Learning to Prompt in the Classroom to Understand AI Limits: A pilot study
Theophilou, Emily, Koyuturk, Cansu, Yavari, Mona, Bursic, Sathya, Donabauer, Gregor, Telari, Alessia, Testa, Alessia, Boiano, Raffaele, Hernandez-Leo, Davinia, Ruskov, Martin, Taibi, Davide, Gabbiadini, Alessandro, Ognibene, Dimitri
Artificial intelligence's (AI) progress holds great promise in tackling pressing societal concerns such as health and climate. Large Language Models (LLM) and the derived chatbots, like ChatGPT, have highly improved the natural language processing capabilities of AI systems allowing them to process an unprecedented amount of unstructured data. However, the ensuing excitement has led to negative sentiments, even as AI methods demonstrate remarkable contributions (e.g. in health and genetics). A key factor contributing to this sentiment is the misleading perception that LLMs can effortlessly provide solutions across domains, ignoring their limitations such as hallucinations and reasoning constraints. Acknowledging AI fallibility is crucial to address the impact of dogmatic overconfidence in possibly erroneous suggestions generated by LLMs. At the same time, it can reduce fear and other negative attitudes toward AI. This necessitates comprehensive AI literacy interventions that educate the public about LLM constraints and effective usage techniques, i.e prompting strategies. With this aim, a pilot educational intervention was performed in a high school with 21 students. It involved presenting high-level concepts about intelligence, AI, and LLMs, followed by practical exercises involving ChatGPT in creating natural educational conversations and applying established prompting strategies.
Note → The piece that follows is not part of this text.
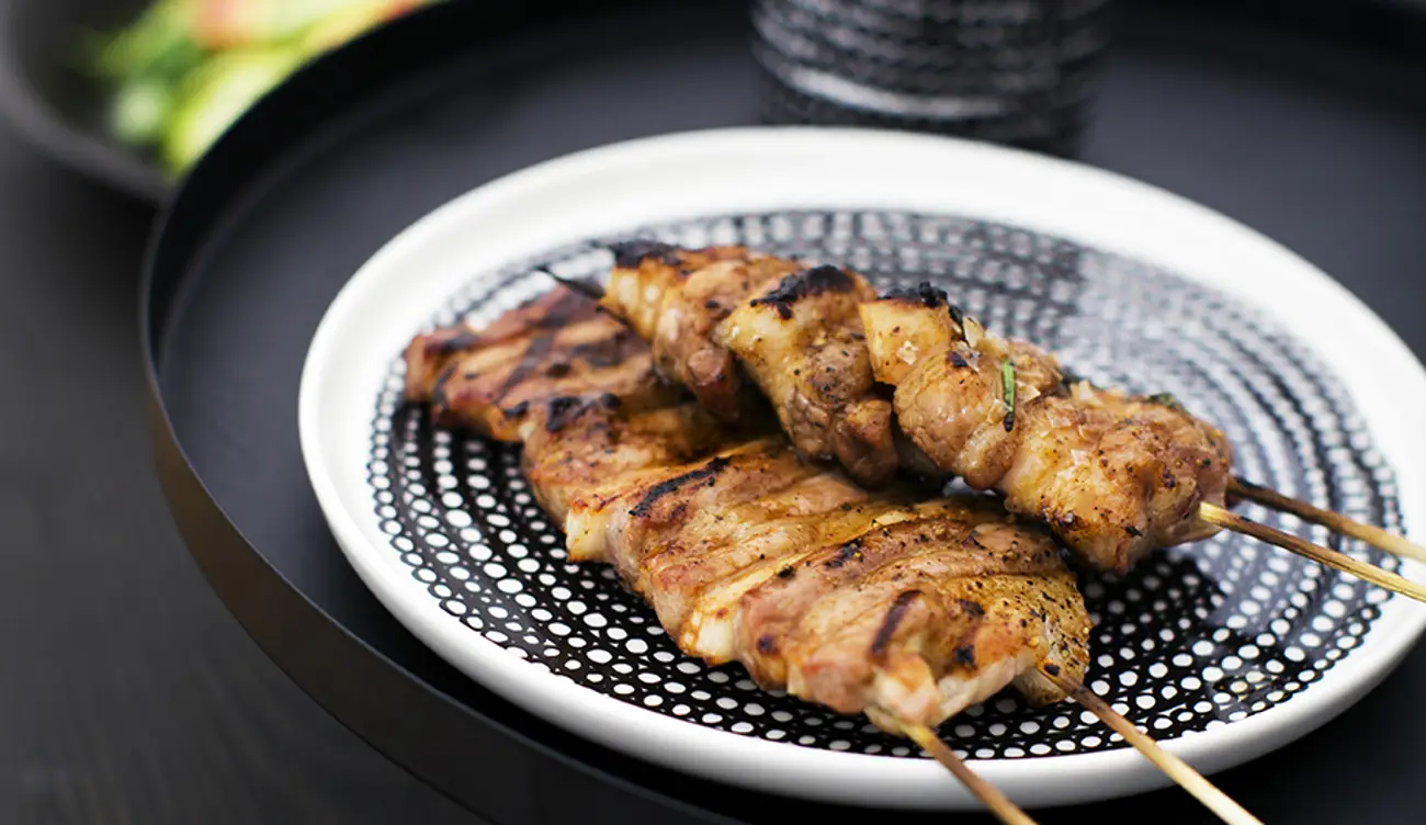 - Skär fläsket i 1 cm tjocka skivor. Trä upp på spett. Blanda marinaden och pensla fläsket. Grilla på utegrill eller i ugnen på 225 °C.

Encouraging preliminary results emerged, including high appreciation of the activity, improved interaction quality with the LLM, reduced negative AI sentiments, and a better grasp of limitations, specifically unreliability, limited understanding of commands leading to unsatisfactory responses, and limited presentation flexibility. Our aim is to explore AI acceptance factors and refine this approach for more controlled future studies.